6. Ignorance ain’t bliss – Financial matters are complex and you simply don’t know what you don’t know. For instance, many women are surprised to learn that they are eligible to claim Centrelink payments for family tax benefits – (wrongly) believing they earn too much to qualify. Even if you are comfortable financially, leaving money on the table unnecessarily is a big opportunity lost. Educate yourself and seek help to fill in those knowledge gaps.

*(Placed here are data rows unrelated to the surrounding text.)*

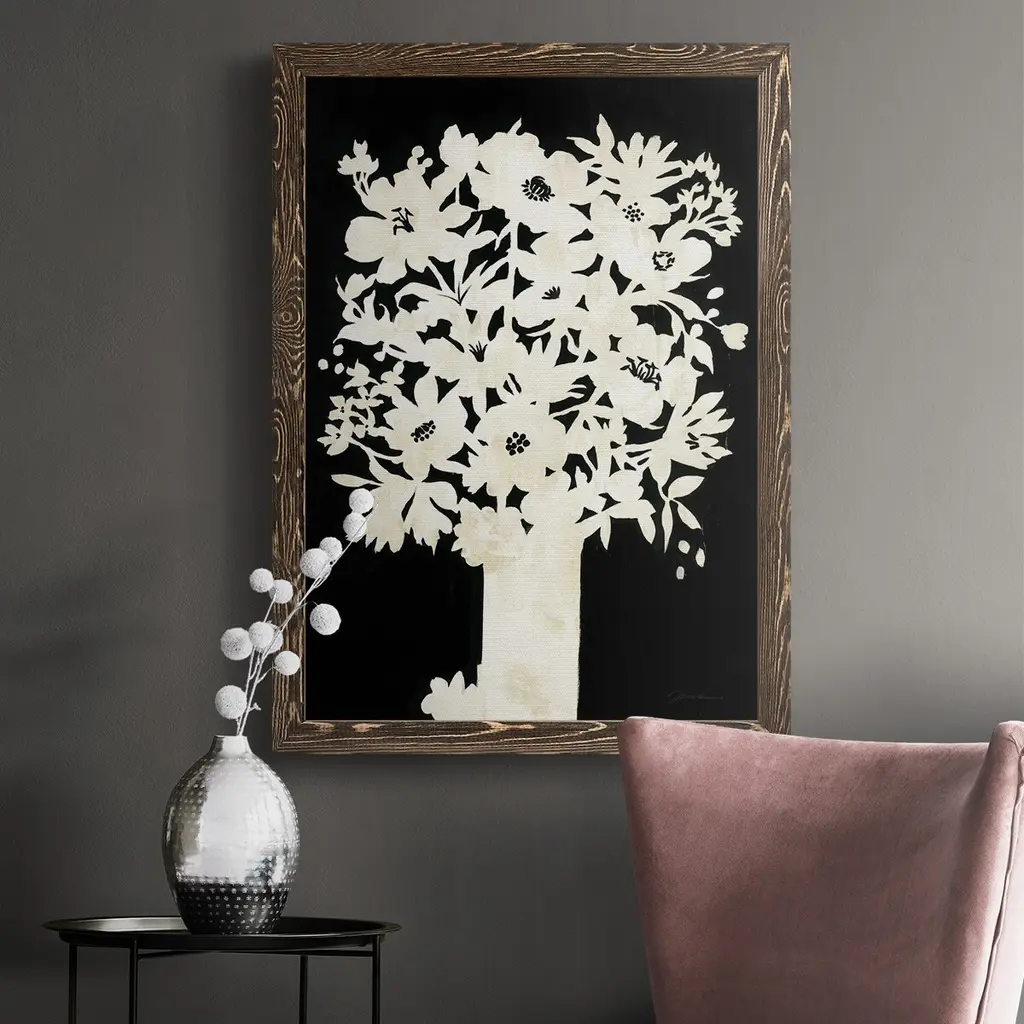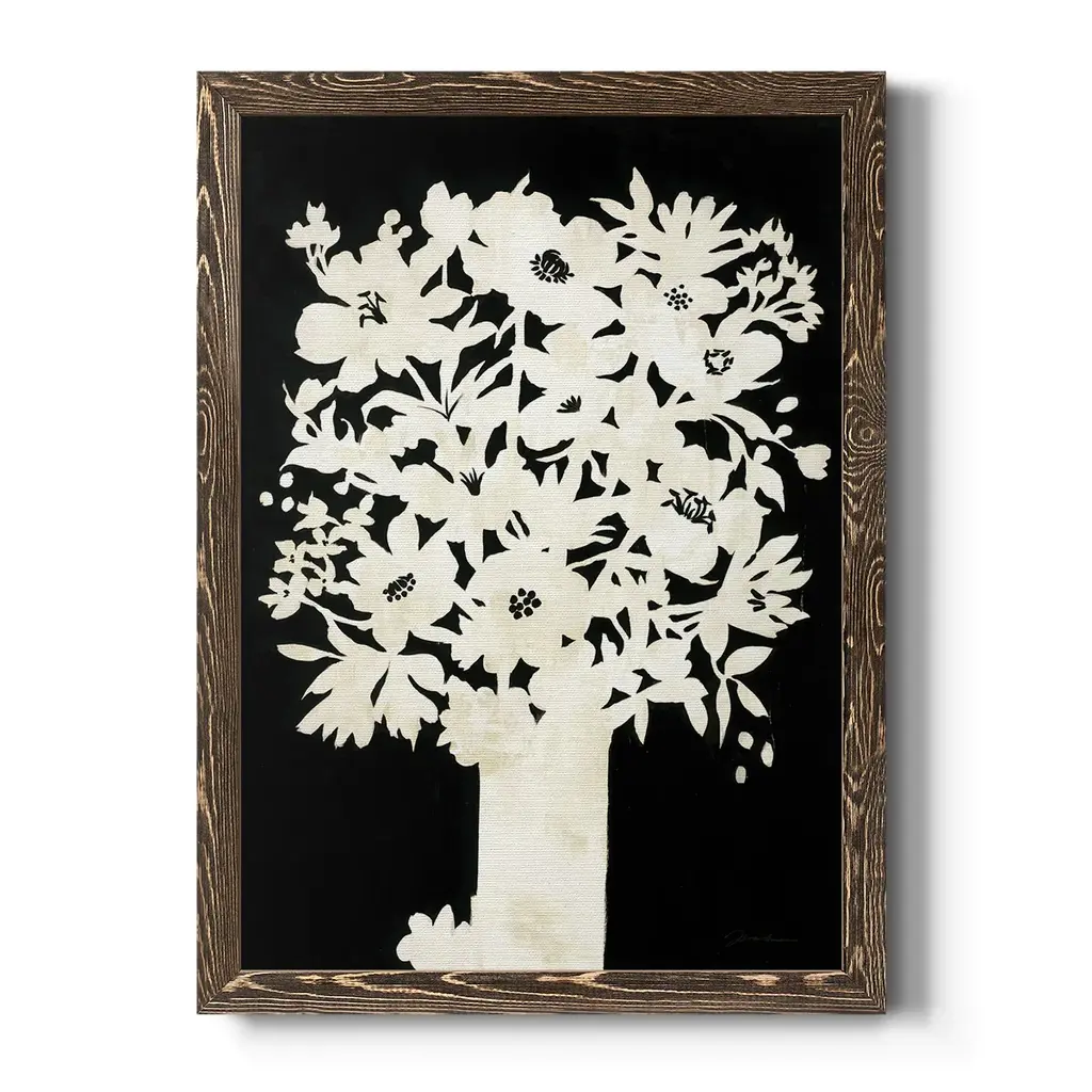 Floral Silhouette-Premium Framed Canvas - Ready To Hang - 27.5x37.5 - Walnut
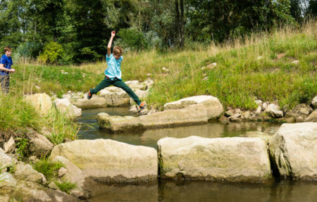 Kindern lernen durch Ausprobieren und Nachmachen. Und da können Eltern jetzt aus der Umweltbildung grundlegende Dinge für den Alltag mitnehmen. Was Kinder neben den offensichtlichen Grundbedürfnissen wie Nahrung oder Zuwendung für ihre Entwicklung brauchen, lässt sich unter den fünf Begriffen Höhle-Klettern-Matsch-Wasser-Feuer zusammenfassen. Das sind genau die Spiele, die sich Kinder überall auf der Welt und zu allen Zeiten von selbst ausdenken, weil sie für die Entwicklung der Kinder notwendig sind. „Jeder hat da aus seinem eigenen Leben Bilder im Kopf, von der Pfütze in die man unbedingt hineinspringen muss, vom Johannisfeuer, dessen Funken in Nacht steigen oder dem Kribbeln im Bauch vor dem Überspringen des Grabens.“
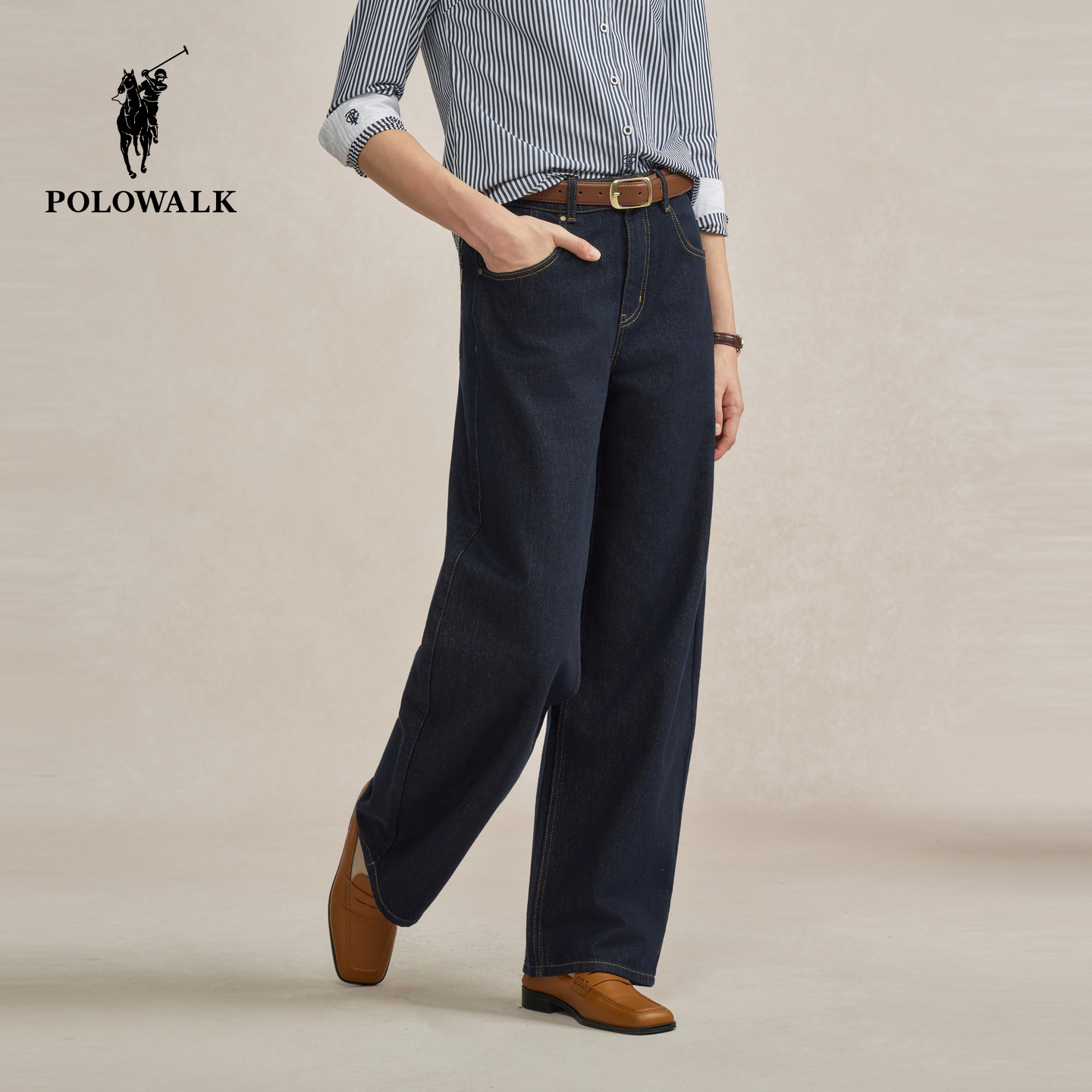 POLOWALK女式牛仔裤2026春季新品时尚百搭通勤直筒显瘦阔腿弯刀裤
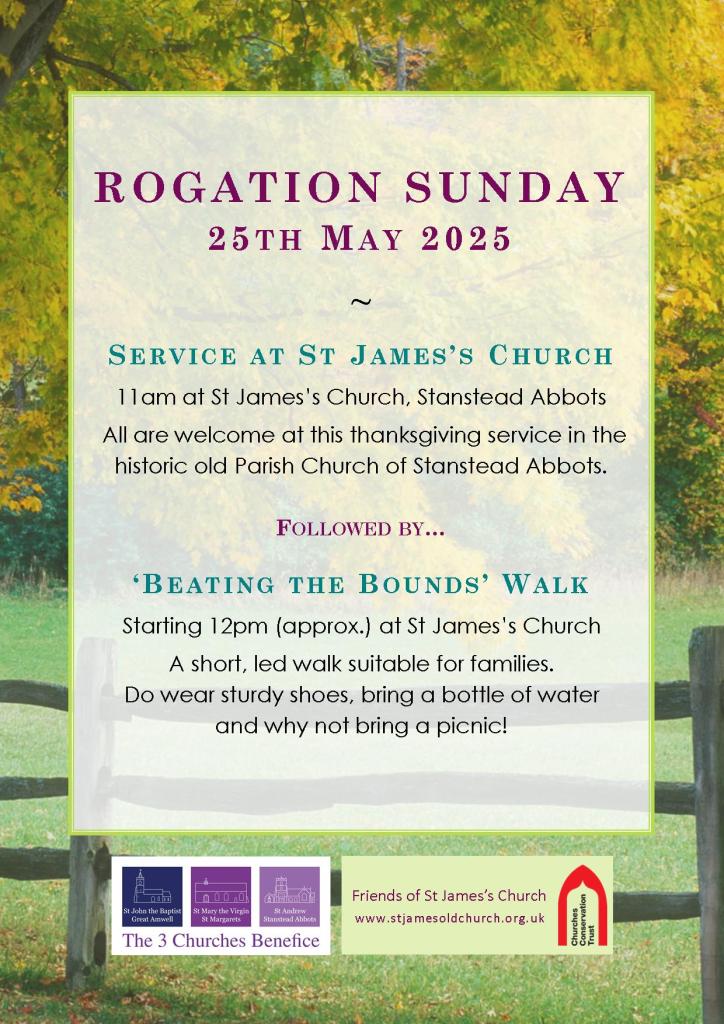You are invited to the annual Rogation Day Service at St James’ Church, Roydon Road, Stanstead Abbotts on Sunday 25th May 2025 at 11am. All are welcome to this special thanksgiving service in the beautiful old Parish Church of St James.
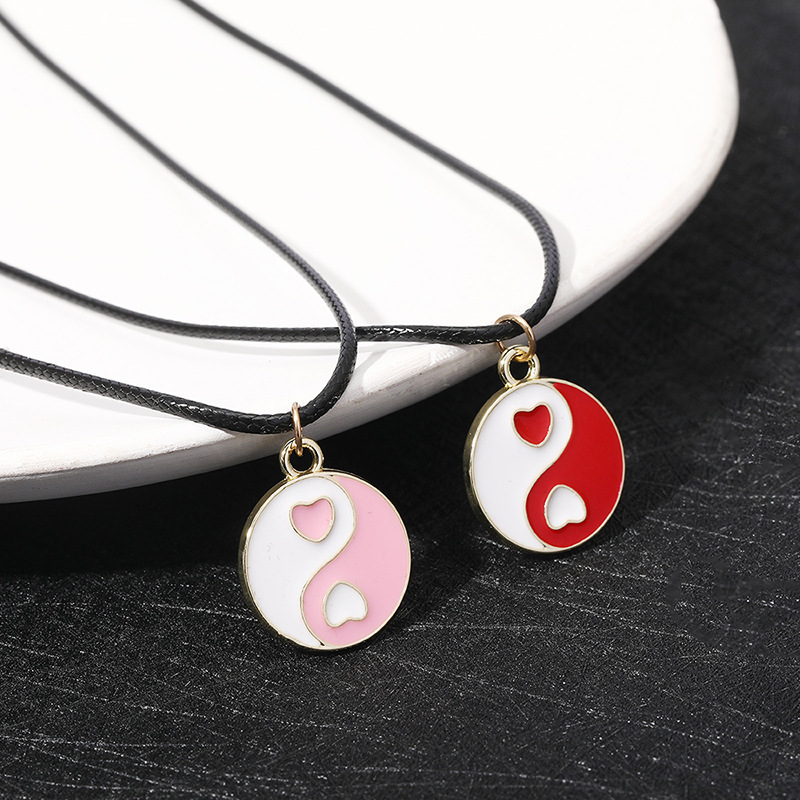 Two-color stitching alloy pendant taiji yin and yang metal dripping necklace new European and American simple round color matching necklace

7. Seek qualified advice – Many people, especially women, turn to friends and family for advice on financial matters. But everyone’s situation is different. And rules around money, tax and super change all the time. If they aren’t qualified financial advisers or accountants, how can you be sure their advice is accurate? Successful women know this and seek out qualified, licenced advice that’s tailored specifically to them. But most will admit to wishing they'd done so sooner!

Who is Helen Baker?
Helen Baker is a licenced Australian financial adviser and author of two books:
On your own two feet: the essential guide to financial independence for all women and On your own two feet – divorce: your survive and thrive financial guide. Proceeds from the books’ sales are donated to charities supporting disadvantaged women. Helen is among the 1 per cent of financial planners who hold a master’s degree in the field. Find out more about Helen here.

PS: Please note that this is general advice only and you should seek advice specific to your circumstances.